Yesterday morning, I took my child, Alex, to the orthodontist to pick up a new retainer. This was a replacement for the one our dog, Bella, decided to chew up. Bella, who typically spends her days napping, surprised us by jumping onto the counter to snag Alex’s retainer. It was a heartbreaking moment for Alex, who had always been diligent about taking care of it. After securing the first replacement for free, we eventually had to pay for a second. Now, here I was, preparing for yet another trip to the orthodontist.
While checking out, I recalled that it was almost July, and we needed to schedule an appointment for my youngest, who would soon require braces, just like their siblings. “Sure, what’s your child’s name?” the receptionist asked.
“Alex,” I replied, omitting their birth name, Alexander. Lately, Alex has been delighted when referred to as a girl, as evidenced by a recent encounter at a restaurant. When the server asked if my “daughter” wanted a drink, Alex smiled and didn’t mind the mix-up. However, they’re clear about not wanting to be a girl or transition.
Understanding gender identity is a complex journey, especially in a world that often insists on binary distinctions. In our city, where we frequently encounter familiar faces, Alex had previously gone by he/him/his pronouns. It wasn’t until fifth grade that they began presenting more femininely, embracing traditionally feminine clothing and styles. However, despite this presentation, Alex remains a boy at heart, and I still refer to them as my son.
Children can’t simply relocate to escape their identity, unlike adults who might seek anonymity. Young children often face blunt questions from peers: “Are you a boy or a girl?” Adults tend to be more discreet, yet the ramifications of gendered practices in schools are pervasive. The constant division into “boys” and “girls” during activities and interactions can be harsh reminders for non-binary children that their identity is often overlooked.

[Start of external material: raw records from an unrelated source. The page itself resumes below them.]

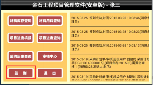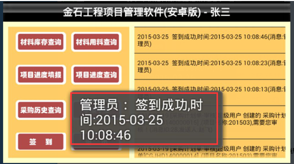 這樣用戶名為test的用戶登錄系統(tǒng)進(jìn)入到“手機(jī)考勤管理終端”就可以查看并處理“東營市東營區(qū)”的手機(jī)考勤的信息。項(xiàng)目上的工作人員在用手機(jī)客戶端簽到的時(shí)候,登錄系統(tǒng),點(diǎn)擊“簽到”的按鈕,簽到成功之后系統(tǒng)提示“簽到成功”并顯示簽到時(shí)間,如圖: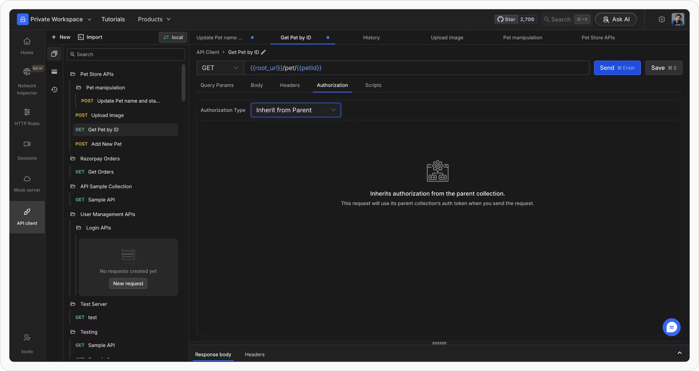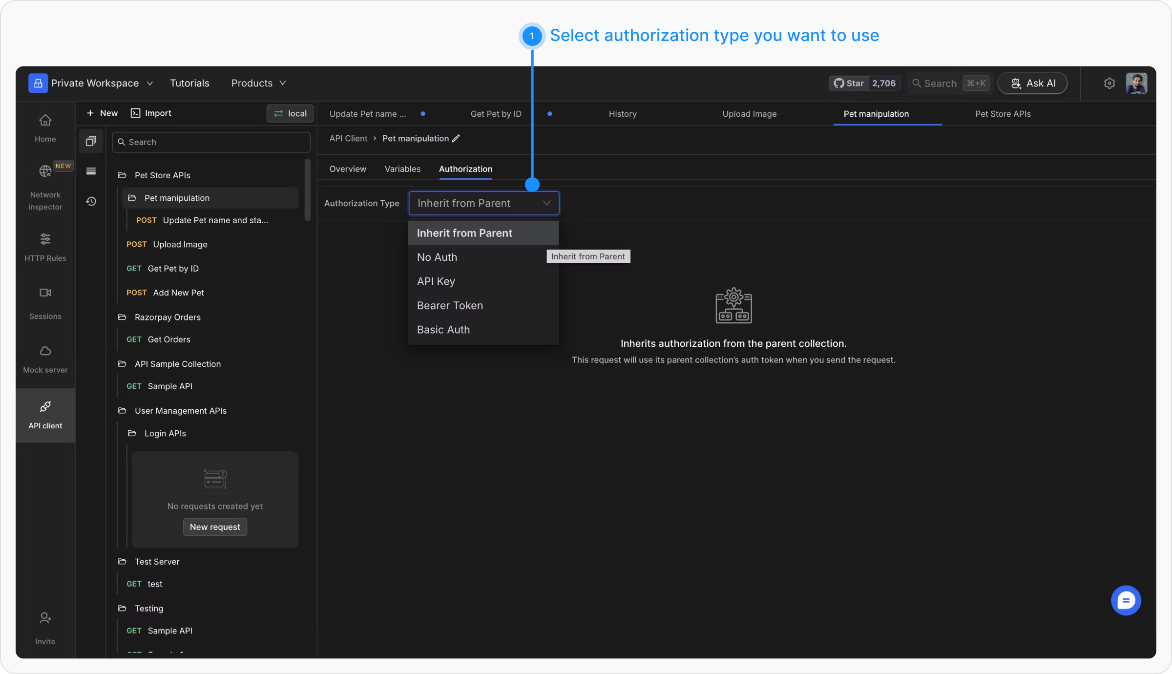 Authorization details can be configured in the Authorization tab at either the collection level or the individual request level. When authentication is set at the collection level, it applies to all APIs within that collection unless a specific request defines its own authorization settings or selects “NO-AUTH.” Requestly automatically inserts the appropriate authorization information into the necessary sections of the request based on the chosen authentication type.Steps to Add Authorization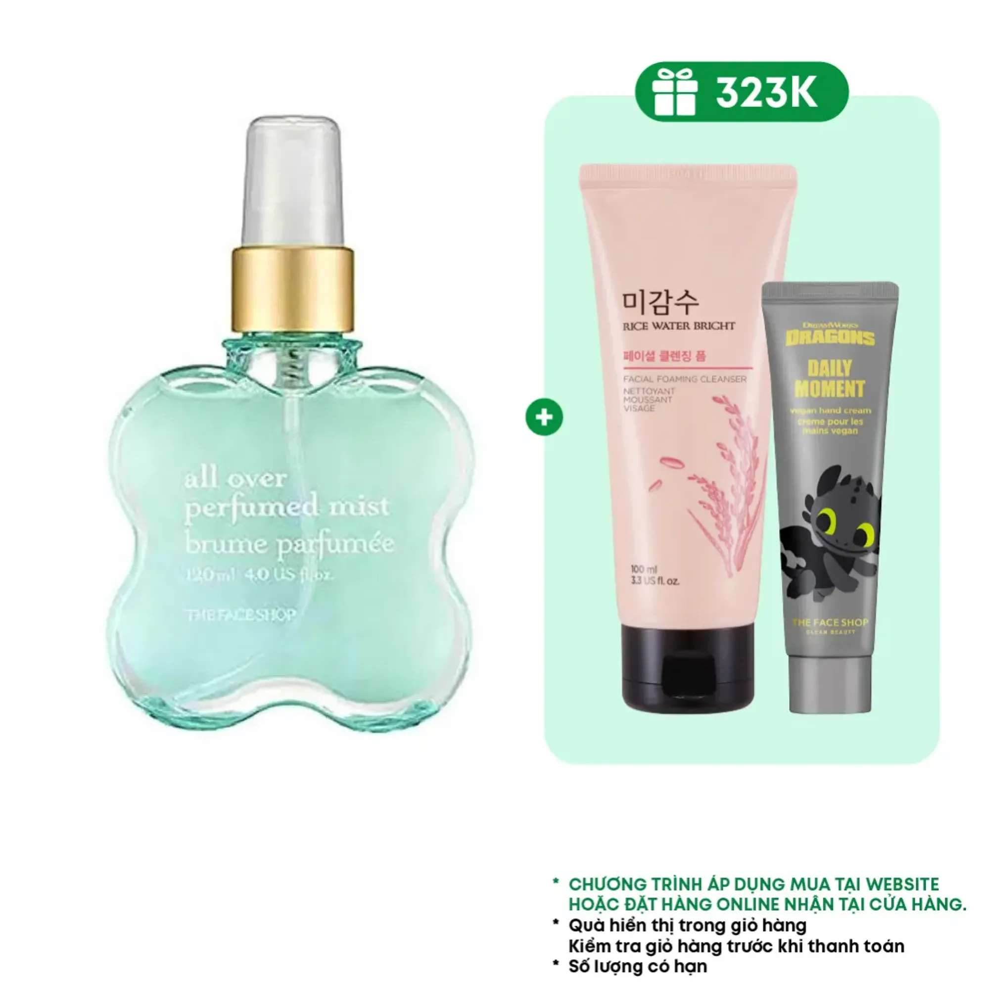 Combo Xịt Dưỡng Thể Hương Nước Hoa THE FACE SHOP All Over 120ml #02 + sữa rửa mặt 100ml + kem dưỡng tay 30ml mùi hương 01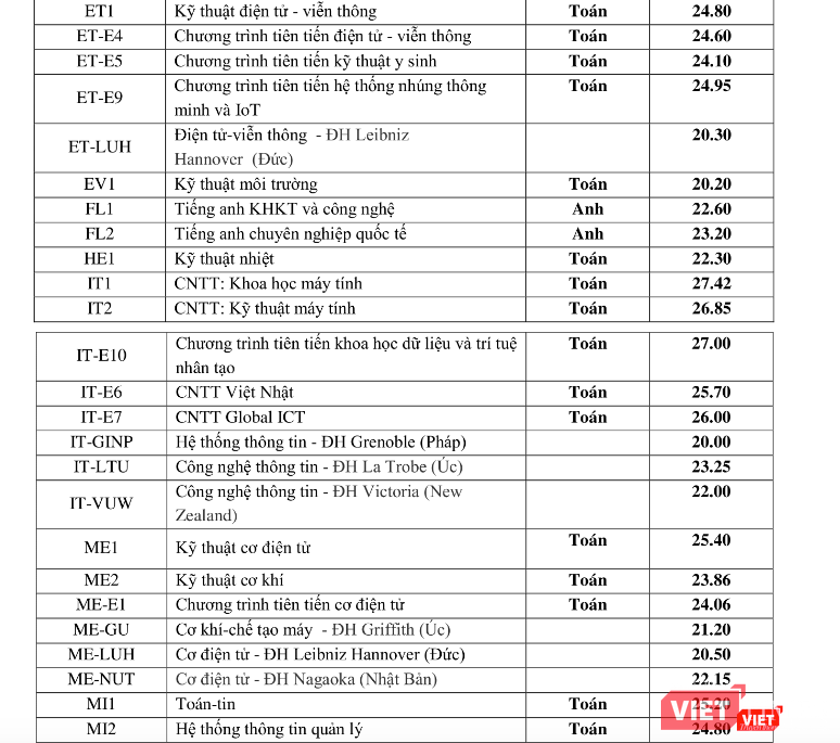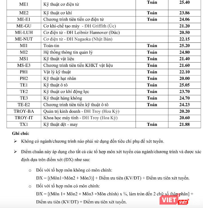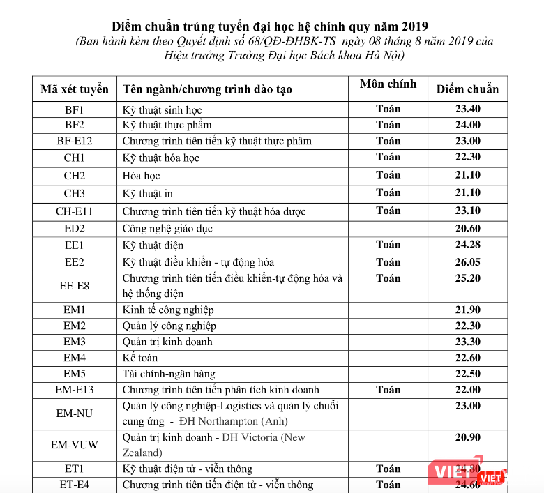 Dưới đây là điểm chuẩn trúng tuyển vào trường ĐH Bách khoa Hà Nội:

As I talked with the receptionist, she asked, “When’s his birthday?” The use of “his” made me pause. I knew it was time for a conversation. My child, who prefers to avoid the spotlight, sensed the shift and asked to wait in the car. Realizing this was a good moment to honor Alex’s identity, I handed them the car keys and agreed.
I leaned closer to the receptionist and said, “Actually, Alex is non-binary and uses ‘they/them’ pronouns.” She looked puzzled, tilting her head and raising an eyebrow. “I know this might feel awkward,” I reassured her, “but I appreciate your understanding in updating your records.”
She nodded, and after a moment of hesitation, asked, “So should I refer to Alex as ‘she’?” I replied, “No. Alex is non-binary, not male or female.” The conversation continued, with me explaining that although Alex was assigned male at birth, their gender expression is not tied to a binary identity.
I attempted to clarify that Alex might be exploring their gender identity without transitioning at this point. The receptionist seemed to grasp the concept a bit more and noted that they hadn’t encountered any patients who identified as non-binary before. I joked, “Well, now you have! What do we win for being first?”
Despite the lightheartedness, we still hadn’t resolved how to list Alex’s pronouns. I could sense her uncertainty regarding the options available in her system. As I filled the silence, I inadvertently suggested that Alex might be too young to make decisions about their identity, perpetuating outdated misconceptions about gender identity that suggest children cannot understand themselves.
Both receptionists nodded sympathetically, and I felt their validation, yet I wanted to clarify that this isn’t about confusion but about identity. “It shouldn’t be this complicated,” one of them acknowledged. After a thoughtful moment, she decided to note Alex’s pronouns in the system for the orthodontist’s reference.
After finalizing the appointment, I expressed gratitude for their openness and willingness to learn. As I left, I reflected on how I should have sought out a more inclusive orthodontist for Alex. I have a short list of trans-friendly practitioners, but it didn’t cross my mind this time. At least, I thought, this experience might pave the way for future families navigating similar situations.
As I reached the car, I realized it had taken a significant amount of time to discuss pronouns—not the “quick, in-and-out” appointment I had promised my child. When Alex returned, they casually commented on the delay as I avoided mentioning the lengthy conversation about their identity.
In a world where acceptance can vary, it’s crucial to create spaces where all identities are recognized and respected, allowing children like Alex to feel seen and understood. For more on pregnancy and home insemination, check out our article on using an at-home insemination kit. And for those looking for expert advice on fertility treatments, visit this excellent resource on the topic: Fertility Treatments.
Summary:
This article explores the journey of a parent navigating the complexities of their non-binary child’s identity. It highlights the challenges faced in everyday situations, such as medical appointments, where societal norms often enforce gender binaries. The author emphasizes the importance of understanding and acceptance while encouraging open conversations about gender identity.